In both longitudinal and cross-feed my clutch will disengage after a few secs when under moderate to heavy load, unless I tighten the start knob about as much as I can by hand. I re/re'd and cleaned the apron a few months ago and all parts looked unworn and it has remained clean. It doesn't engage until the star wheel is turned almost all the way in and I can make it slip by holding the cross feed or handcrank wheel unless it is very tight. Oil sump is full. Any ideas?

Here are some pics of the same clutch on a clone:

http://steammachine.com/hercus/page5.html

Also, if anyone has the dimensions of those two 1/2 circle discs I would appreciate it.


----------



## martik777 (Oct 19, 2011)

OK, you got me curious now so I just took it apart. I think there are a few wear areas contributing to the problem. 

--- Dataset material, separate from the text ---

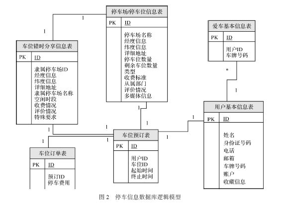 实时动态更新的停车位数据是“互联网+”城市智慧停车的保障。停车信息数据库存储停车场和停车位信息,以及车位查询、预订、停车、驶离和付费等过程中生成的静态和动态信息数据。主要包括用户基本信息表、停车场/停车位基本信息表、车位错时分享信息表、车位预订表、车位订单表、爱车信息表和爱车服务信息表,逻辑模型如图 2所示。其中,动态停车位数据可以根据手机APP车位预订结果实时更新,也可以根据停车场的设施条件获得,如停车场内的红外线检测器、视频检测器等硬件设施及停车场入口的计数器上传车位动态数据,甚至可以人工更改停车位信息,手工上传空余车位的位置和数目信息。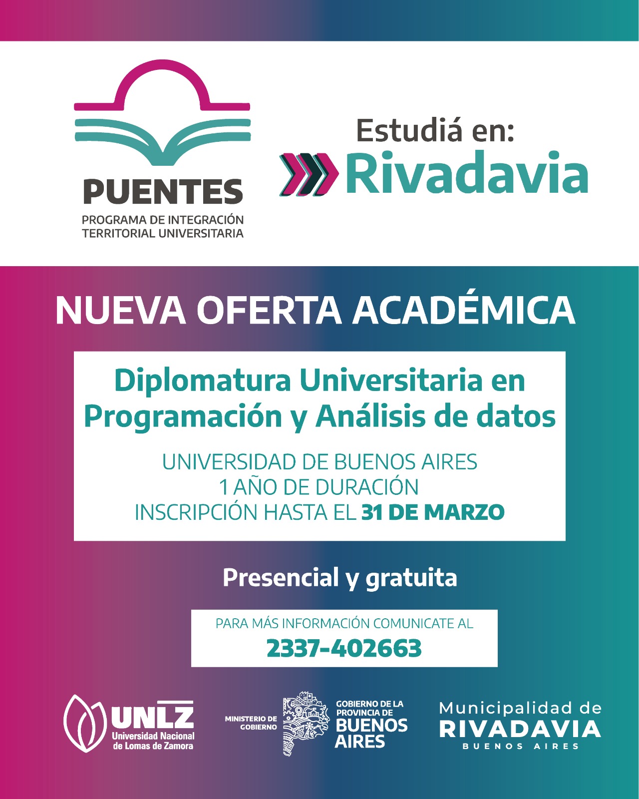 👨🏻🎓 La Municipalidad de Rivadavia, a través del programa provincial PUENTES, incorpora dos nuevas ofertas educativas para el nivel superior. Se trata de la de la Tecnicatura Universitaria en Construcciones, de la Universidad Nacional de Lomas de Zamora (UNLZ) y la Diplomatura en Iniciación a la Programación y Análisis de Datos, de la UBA.

1. The outside of the shoes are showing some wear but feel smooth in the direction of rotation. maybe not polished but some roughing up may help.

2. The butterfly leaves that expand the shoes are worn on the edges but not the middle. (reversing them may help)

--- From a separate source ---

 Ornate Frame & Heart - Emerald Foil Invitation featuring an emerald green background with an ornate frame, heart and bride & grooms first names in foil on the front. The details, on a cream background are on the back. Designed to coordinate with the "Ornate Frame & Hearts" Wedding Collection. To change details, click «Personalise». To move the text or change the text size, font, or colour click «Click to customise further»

3. The inside of the shoes have a groove worn where the middle of the butterfly leaves ride. (doubt this has much affect)

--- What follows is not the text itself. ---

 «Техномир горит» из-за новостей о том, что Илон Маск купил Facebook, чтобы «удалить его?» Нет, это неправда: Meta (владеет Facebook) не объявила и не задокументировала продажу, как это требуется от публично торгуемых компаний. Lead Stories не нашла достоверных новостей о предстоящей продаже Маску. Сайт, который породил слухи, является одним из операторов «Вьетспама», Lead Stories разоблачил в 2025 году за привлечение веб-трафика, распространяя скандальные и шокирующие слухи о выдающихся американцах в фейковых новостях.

I think the easiest fix may be to fabricate some new butterfly leaves but I will try the emery cloth on the outside of the shoes first. Well, maybe not so easy with no mill and my only lathe in pieces!


----------



## flutedchamber (Oct 23, 2011)

Did you check the recess that the two pieces fit into for taper?  Perhaps they are worn more on one side than the other, which would give you a much reduced friction area.  Even if the recess it tapered it may be worth checking to see if the taper is consistent, that is not a barrel shape in the middle.  

If necessary you could machine the recess and make new shoes to fit.


----------



## martik777 (Oct 26, 2011)

Clutch was fine, turns out the worm wheel was worn and not always engaging with the worm. For a temp fix, I made a spacer so the worm wheel engages off center where it is less worn.  Anyone have a spare?

http://i1182.photobucket.com/albums/x445/martik777/SB9A clutch/IMG_7432.jpg


----------